Abstract
Objectives: Developmental anomalies of the dentition are not infrequently observed by the dental practitioner. The aim of the present study was to determine the prevalence of dental anomalies in the Indian population. Study Design: A retrospective study of 4133 panoramic radiographs of patients, who attended the Department of Oral Medicine and Radiology, Jodhpur Dental College General Hospital between September 2008 to December 2012 was done. The ages of the patients ranged from 13 to 38 years with a mean age of 21.8 years. The orthopantomographs (OPGs) and dental records were examined for any unusual finding such as congenitally missing teeth, impactions, ectopic eruption, supernumerary teeth, odontoma, dilacerations, taurodontism, dens in dente, germination and fusion, among others. Results: 1519 (36.7%) patients had at least one dental anomaly. The congenitally missing teeth 673 (16.3%) had the highest prevalence, followed by impacted teeth 641 (15.5%), supernumerary teeth 51 (1.2%) and microdontia 41 (1.0%). Other anomalies were found at lower prevalence ranging from transposition 7 (0.1%) to ectopic eruption 30 (0.7%). Conclusion: The most prevalent anomaly in the Indian population was congenitally missing teeth (16.3%), and the second frequent anomaly was impacted teeth (15.5%), whereas, macrodontia, odontoma and transposition were the least frequent anomalies, with a prevalence of 0.2%, 0.2% and 0.1% respectively. While the overall prevalence of these anomalies may be low, the early diagnosis is imperative for the patient management and treatment planning.

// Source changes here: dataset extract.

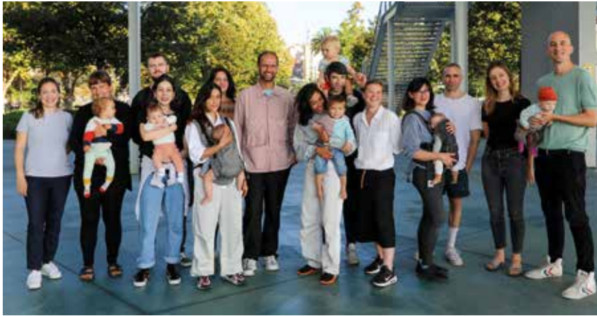
Families taking part in Tino Sehgal's live performance of "This youiiyou (Este túyoyotú)"

Key words:Dental anomaly, prevalence, panoramic radiography.
Introduction
Developmental dental anomalies are an important category of dental symptomatology. Their incidence and degree of expression in different population groups can provide important information for phylogenic and genetic studies and help the understanding of variations within and between the different populations. The various dental anomalies of the dentition are frequently observed in the dental clinic. However, compared to the more common oral diseases such as dental caries and periodontal diseases, these anomalies account for a relatively low number, but can pose a problem during treatment planning. They present with malocclusion, esthetic and functional problem, and possible disposition to other oral diseases. Hence, their clinical management is usually complicated (1).

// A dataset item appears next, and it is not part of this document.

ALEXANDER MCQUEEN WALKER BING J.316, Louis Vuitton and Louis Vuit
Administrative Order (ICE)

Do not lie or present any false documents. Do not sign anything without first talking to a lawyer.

Dental anomalies in tooth number, shape, structure, and position may result in problems in arch length and occlusion, which may greatly influence treatment planning for the orthodontists. The etiology of these conditions is usually suggested to be either due to genetic factors in addition to some etiological events during the prenatal and postnatal development periods and environmental and pathological factors (2-4). According to Sarnat and Schour (5), the growing tooth acts as a biological recorder which provides a precise and permanent record of variations and fluctuations in the tooth matrix and its mineralization. These anomalies may be involving one tooth or generalized to involve all the teeth or they may be present as a part of any systemic disorders or syndromes (1). One or more dental anomalies can often be observed in the same patient. Studies on the patterns of association among seven types of dental anomalies in an untreated orthodontic population aged 7 to 14 years found a significant reciprocal association among 5 of the anomalies that suggests a common genetic origin. It was found that 34% of the patients with conical-shaped upper lateral incisors had palatally displaced canine (6).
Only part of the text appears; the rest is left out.